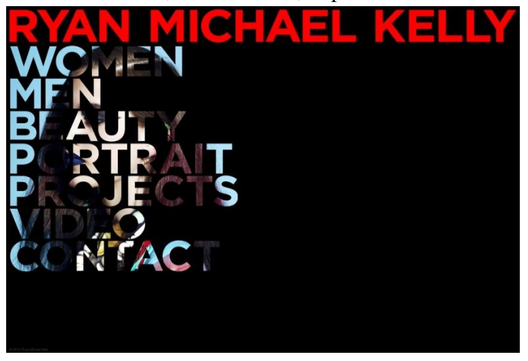
Figure 6: Chromatic contrast on black background; photographic effects; <a href="http://ryanmichaelkelly.com/">http://ryanmichaelkelly.com/</a>
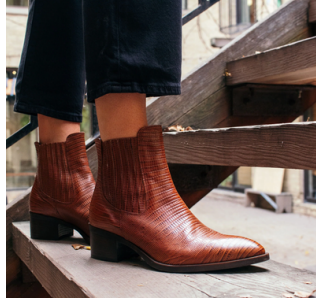
Briggs, $175.00, Rooster Shoes, 105 Osborne Street
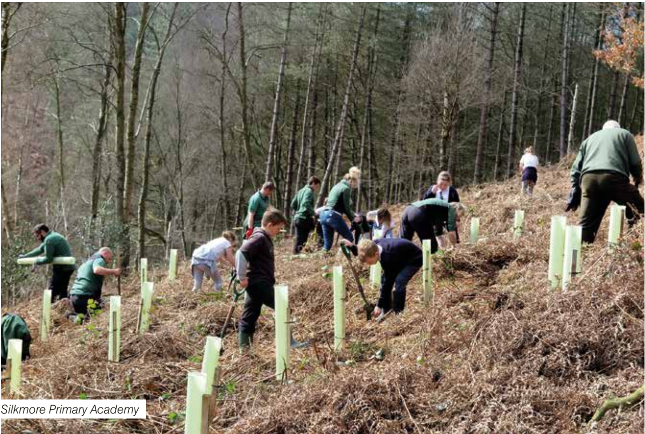
Silkmore Primary Academy

Activity: Keep the pictures out of your copy. Copy only the lines from the line that holds "Briggs, $175.00, Rooster" through the last line of the listing above, both included.

Solved exercise:
Briggs, $175.00, Rooster Shoes, 105 Osborne Street
Silkmore Primary Academy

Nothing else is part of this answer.